Adapun sekitar makam Ki Ageng Dharmoyoso Breganjing / Empu Breganjing Cengkalsewu masih banyak diketemukan tai besi (bekas pande besi).
Sedangkan Haul Mbah Hyang Dharmoyoso Surgi Breganjing diperingati setiap tanggal 15 – 16 Bakdomulud/Rabiulakhir Tahun Hijriah. Demikian sekilas sejarah Ki Ageng Dharmoyoso Breganjing.

2. Nyai Sombro (Nyai Branjung), dan

3. Joko Suro (Empu Suro). Makamnya di Kadilangu Demak berdekatan dengan ayahnya Empu Supo yaitu sebelah kanan sebelum masuk Gapuro Makam R. Sahid Kanjeng Sunan Kalijaga.

Ketiga adik kandung Ki Ageng Dharmoyono Surgi yakni : Ki Ageng Dharmoyoso Breganjing, Nyai Sumbro, Joko Suro (Empu Suro) ketiganya merupakan ahli dalam pembuatan pusaka/Gaman mereka benar-benar mewarisi keahlian pembuatan keris (pusaka) dari Ayahnya Empu Supo dan juga kakeknya Empu Supo Mbungkul. Membuat pusaka/keris dengan cara dipijit-pijit dengan jari dan dijilati dengan lidah.

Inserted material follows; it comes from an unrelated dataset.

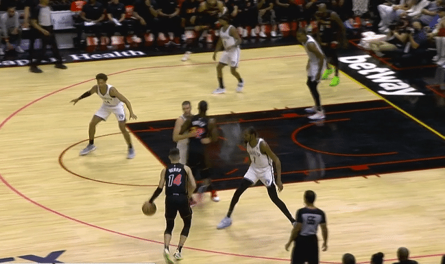 比赛中后段热火这边连续出现失误,将近5分钟的时间球队没有进球,布朗篮下打中,克拉克斯顿打板得分,分差一度来到了21分,半场比赛打完,篮网67:46领先热火21分,单节比赛篮网轰出了40:21的比分,杜兰特18分钟19分4板4助2断1帽。欧文单节得到10分。

Peninggalan dan Jasa-jasa beliau adalah :
  1. Menyebarkan Tauhid Ketuhanan, menyebarkan aqidah Islam tanpa meninggalkan ajaran kejawen sebagai penghormatan antara lain tingkep, Sedekah Orang Meninggal, Bakar kemenyan dsb.
  2. Wejangan Ki Ageng Dharmoyono Surgi Miyono yang sangat terkenal yaitu “Keluar masuknya nafas ingat Allah” yang orang jawa dulu menyebut MBULLOH yang artinya “Mlebu Metune Nafas Eling Allah” sampai sekarang dijadikan nama pedukuhan yakni Dukuh Mbulloh.
  3. Bersama dengan adik-adiknya membuat pusaka/gaman yang bisa dimanfaatkan oleh penduduk sekitar yaitu sabit suro, paku suro, lanjam suro, dll.
  4. Beliau mennuah (menjadikan pusaka-pusaka) mempunyai kekuatan ghaib, yang diyakini warga bisa untuk sarana menolak hama, keselamatan dan sebagai piandel/kesaktian dll.
  5. Dari berbagai sumber, Ki Ageng Dharmoyono Surgi/Ki Gede Miyono adalah paman Saridin yang mengasuh/momong Saridin semasa kecil hingga dewasa disebut Syeh Jangkung yang terkenal kesaktiannya dengan Lulang Kebo Landoh. Makamnya ada di Dukuh Landoh Desa Kayen 2 km arah barat dari Makam Jati Kembar sebutan Makam Mbah Hyang Dharmoyono Surgi Miyono. Saridin/Syeh Jangkung anaknya Sunan Muria (R. Umar Said) Cucunya Sunan Kalijaga (R.Sahid). Sedangkan Raden Sahid adalah saudaranya Dewi Sari (Sarifah) ibunya Ki Ageng Dharmoyono, Empu Breganjing, Empu Sumbro dan Empu Suro. Sebagaimana Silsilah terlampir.
  6. Terbukti banyak gupaan kerbau dan tempat pengembalaan kerbau di sekitar Makam Ki Ageng Dharmoyono Surgi (Makam Jati Kembar).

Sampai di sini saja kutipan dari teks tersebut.